Dr Huw Jones, CEO, and Toni Hänninen, CFO will provide a live results
presentation via the Investor Meet Company platform at 11am GMT on Thursday,
28 November 2024.
The presentation is open to all existing and potential shareholders and can be
accessed via https://www.investormeetcompany.com/
Enquiries:
TheraCryf PLC +44 1625 466591
Dr Huw Jones, CEO
Toni Hänninen, CFO
Cavendish Capital Markets (Nominated Advisor and Broker) +44 20 7220 0500
Geoff Nash / Teddy Whiley / Rory Sale (Corporate Finance)

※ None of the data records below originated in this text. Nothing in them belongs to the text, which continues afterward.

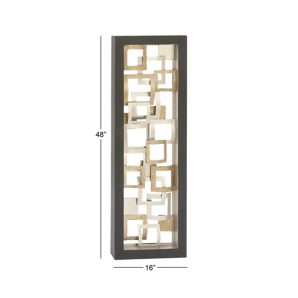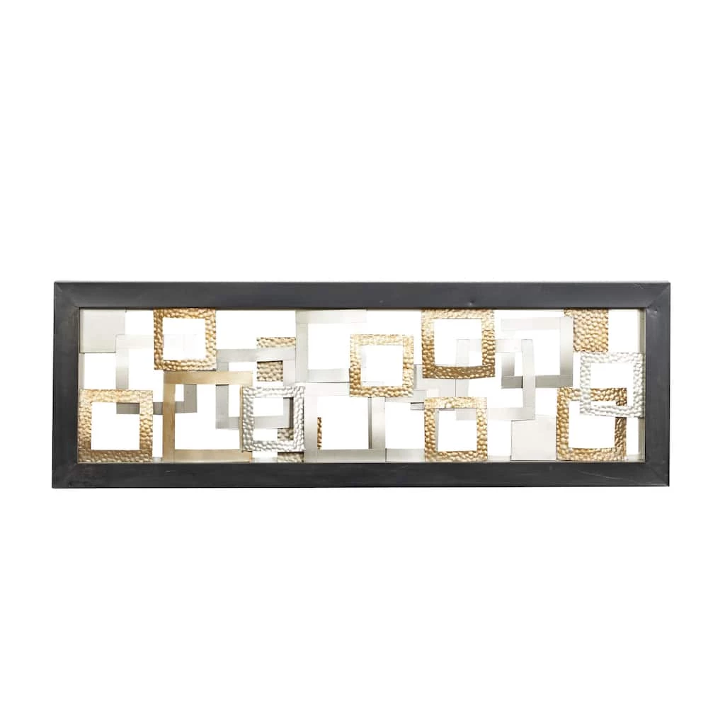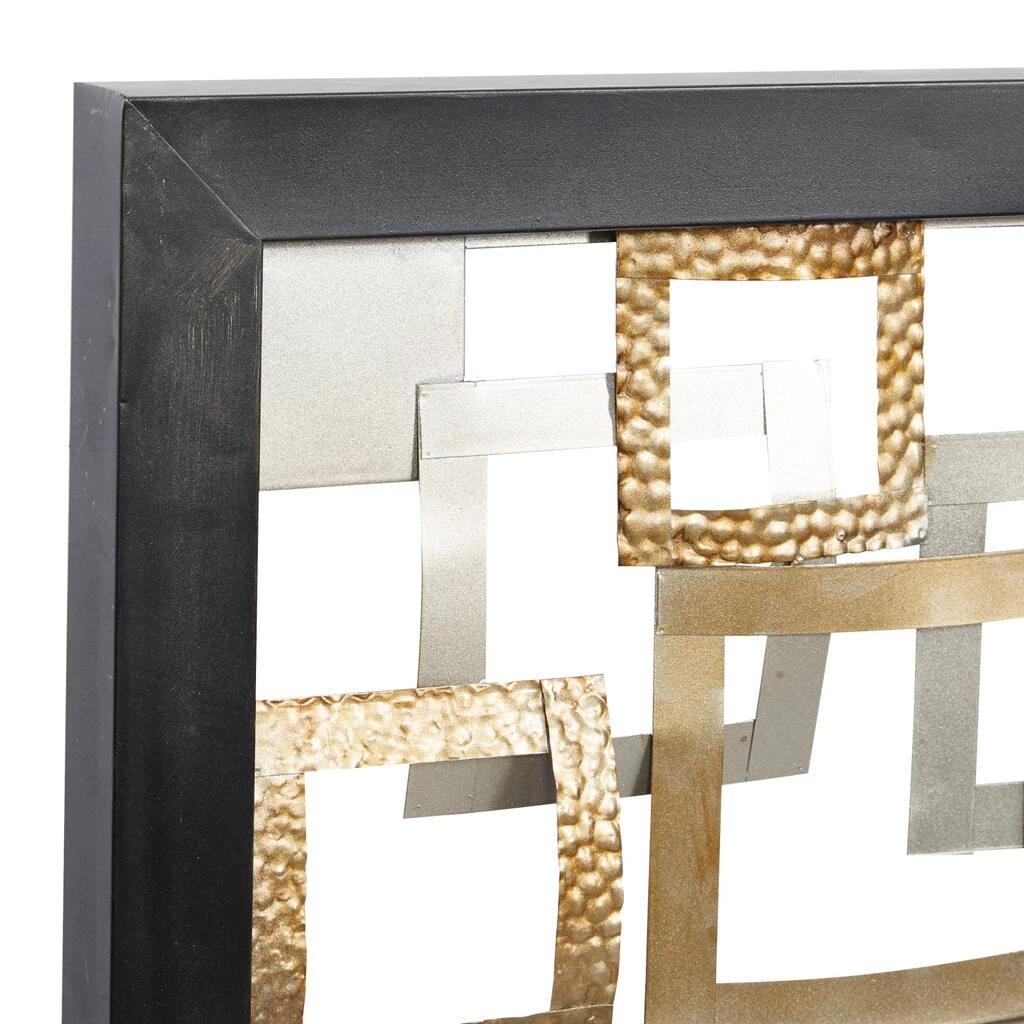 Hang a glamorous and extravagant piece of abstract-styled patterns wall art into your modern, glam, and contemporary living home styles by adding this iron wall art into your chic and stylish homes! Intricately crafted to perfection, this piece features interlaced squares, a showcase of flat-shaped interlaced square patterns in various sizes and a thick rectangular open design iron frame in matte black finish.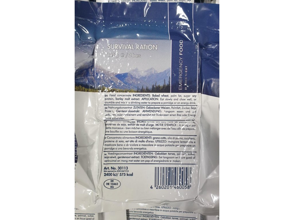 Trek’n Eat Survival Ration – núdzová dávka potravy s trvanlivosťou 20 rokov je kompaktné a vysoko výživné riešenie, ktoré poskytuje okamžitú energiu v akýchkoľvek podmienkach. Ide o MRE (meal-ready-to-eat) potravinu, ktorá je pripravená na konzumáciu priamo z balenia bez potreby varenia alebo ohrievania.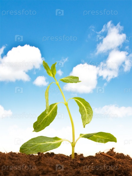 Зеленый росток в земле на фоне неба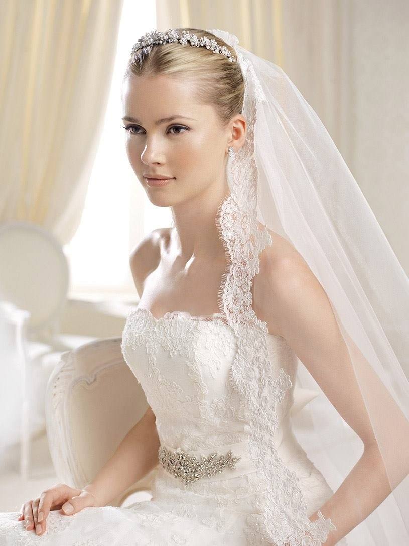 Причёску для невесты необходимо подбирать, учитывая вид фаты, её длину и количество ярусов. Существует много разновидностей этого свадебного атрибута:
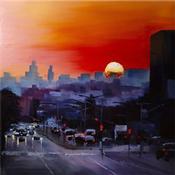 This unique and original contemporary artwork "American sunset" on the subject of Landscapes has been created by the contemporary artist Eugène Romain.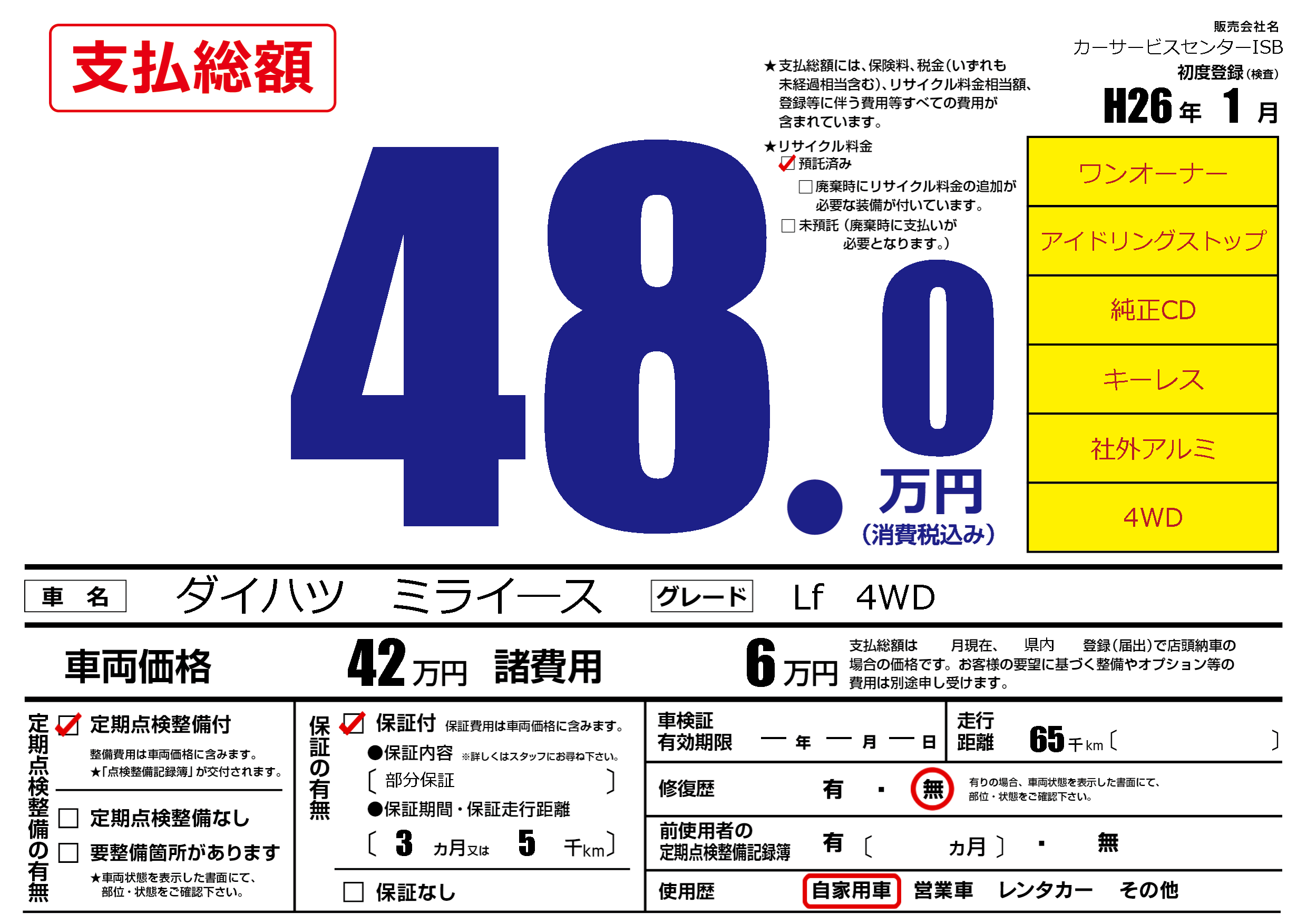 | 走行キロ | 6.5万km | 初年度登録 | H26年1月 |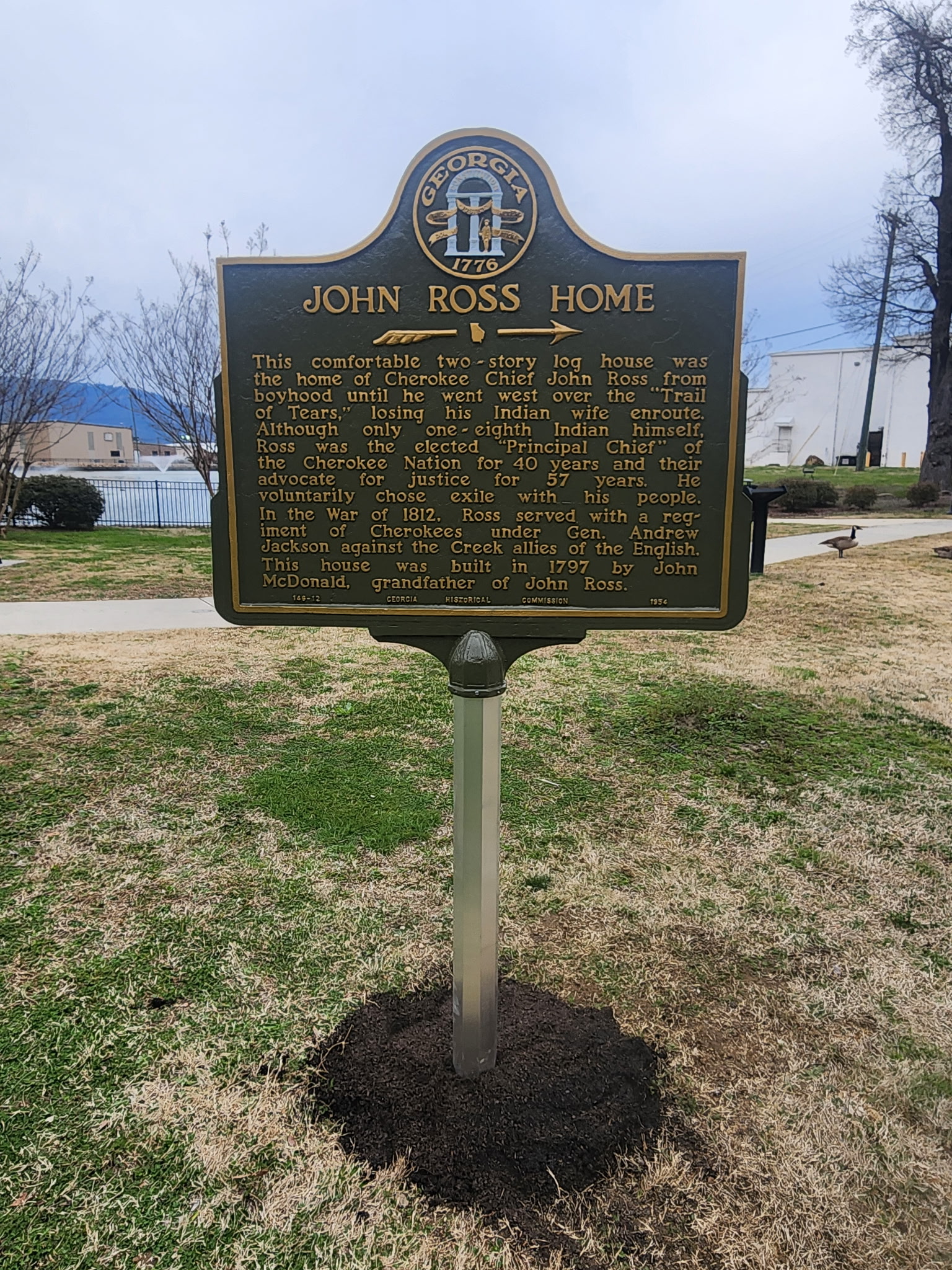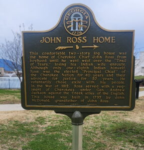 Marker Text: This comfortable two-story log house was the home of Cherokee Chief John Ross from boyhood until he went west over the "Trail of Tears," losing his Indian wife enroute. Although only one-eighth Indian himself, Ross was the elected "Principal Chief" of the Cherokee Nation for 40 years and their advocate for justice for 57 years. He voluntarily chose exile with his people. In the war of 1812, Ross served with a regiment of Cherokees under Gen. Andrew Jackson against the Creek allies of the English. This house was built in 1797 by John McDonald, grandfather of John Ross.

Nigel Birks/Harriet Ward (ECM)
Vigo Consulting +44 (0)20 7390 0231
Rozi Morris
theracryf@vigoconsulting.com
Notes to Editors
About TheraCryf plc
TheraCryf is the clinical stage drug development company focussing on oncology
and neuropsychiatry. The Company has a broad clinical and preclinical pipeline
in indications including glioblastoma* neurodevelopmental disorders,
addiction, anxiety and narcolepsy [*orphan indication].
The Company's strategy is to generate compelling data sets to preclinical
and/or clinical proof of concept and partner its clinical programmes with
mid-size to large pharma for larger trials and commercialisation. As well as a
number of industry partnerships with companies, including Stalicla SA, in
neurodevelopmental disorders. The Company has sourced know how for
programmes from companies such as Shire (now Takeda) via the recent
acquisition.
TheraCryf has worked with and has ongoing collaborations with major
universities and hospitals such as the University of Manchester, La Sapienza
(Università di Roma), the Erasmus Medical Centre, Rotterdam, Kings College
London and the University of Michigan.
The Company has its headquarters and registered office at Alderley
Park, Cheshire. It is quoted on AIM in London and trades under the
ticker symbol TCF.
For further information, please visit: www.theracryf.com
(http://www.theracryf.com/)
OPERATIONAL UPDATE
PIPELINE
During the first half of the year, TheraCryf has been delivering on
challenging objectives with the backdrop of a difficult market for listed
biotech companies. The Company's pipeline has tripled in size and with that,
the opportunities for monetisation by delivering on its business model have
increased proportionately.
In April 2024 the Company acquired the entire issued share capital of Chronos
for a total combined consideration of £968k payable in cash (£78k) and
Ordinary Shares (£890k) at a price of 1.44 pence per Ordinary Share,
potentially increasing up to a total of c.£3.4 million subject to the
achievement of certain milestones (the "Acquisition") (see note 5). A Placing
and Subscription raised £0.85 million (before expenses) and a
further £0.05 million via a Retail Offer, resulting in gross proceeds of
£0.9m. Over 10% of the proceeds were via participation by the Company's
Directors and PDMRs.
Chronos became a wholly owned subsidiary of the Company at that time. The
acquired programmes comprise two late pre-clinical stage assets; an orexin-1
receptor antagonist (Ox-1) targeting addition, impulsivity and anxiety and an
atypical dopamine transporter inhibitor (DAT) targeting fatigue and
narcolepsy. These neuropsychiatric indications are in a resurgent area for
large pharmaceutical companies with two multi-billion dollar acquisitions of
clinical stage companies being announced in December 2023.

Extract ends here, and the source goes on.